Here A001177(k) = k-1, so gcd(A001177(k), k) = 1, so k must not be divisible by 5.
  (a) k must be squarefree. Otherwise suppose p^e divides k while p^(e+1) does not, e >= 2. If b(p^e) >= p*b(p) then gcd(A001177(k), k) >= p, a contradiction; if b(p^e) = b(p) then b(k)/k <= b(p^e)/p^e <= (p+1)/p^e <= 3/4, k <= 4, impossible;
  (b) If k is odd, let k = Product_{i=1..r} p_i where b(p_i) <= ((p_i)+1)/2 for i = 1..s and b(p_i) = (p_i)+-1 for i=s+1..r, then b(k)/k <= (Product_{i=1..s} ((p_i)+1)/(2*(p_i))) * lcm(b(p_(s+1)), ..., b(r))/(Product_{i=s+1..r} p_i).
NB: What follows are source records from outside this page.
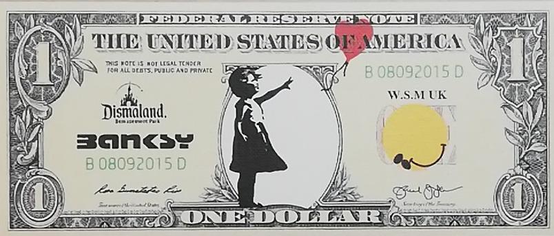 banconota da un dollaro serigrafata, cm 10,5x5,5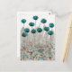 This item is a postcard featuring my watercolor painting of flowers. It features a field of teal poppies against a grey background speckled with orange and teal. Modern style colour palette. This would be a lovely postcard for someone who likes midcentury modern style or scandinavian decor. Be sure to check out the rest of my shop where I have more midcentury modern art https://www.zazzle.com/store/popwheel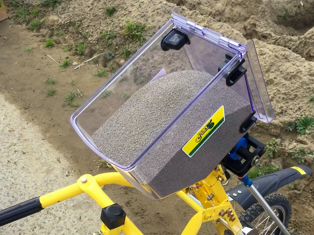 Ein Trichter und eine Säwalze lassen sich mit einem Schnellspannhebel einfach lösen und befestigen. Ein Kupplungslager verhindert, dass beim Rückwärtsfahren der Sämaschine Saatgut herunterfällt.

Since that lcm(b(p_(s+1)), ..., b(r)) <= 2*(Product_{i=s+1..r} b(i)/2) = 2*(Product_{i=s+1..r} ((p_i)+1)/2), we have b(k)/k <= 2*(Product_{i=1..r} ((p_i)+1)/(2*(p_i))). If r >= 2, then b(k)/k <= 2*(4/6)*(8/14) = 16/21, so k <= 4, impossible;
  (c) If k is even, by b(2) = 3 we have 3 divides k-1, so 3 does not divide k. Let k = 2*(Product_{i=1..r} p_i), p_i > 3, we have b(k)/k <= 3*(Product_{i=1..r} ((p_i)+1)/(2*(p_i))). If r >= 2, then b(k)/k <= 3*(8/14)*(12/22) = 72/77, so k <= 15, impossible;
For an odd prime p we have b(p) = (p+-1)/r for some r and b(2p) = (3/2)*(p+-1)/r for some r. It is easy to see that if b(k) = k-1 then k must be prime.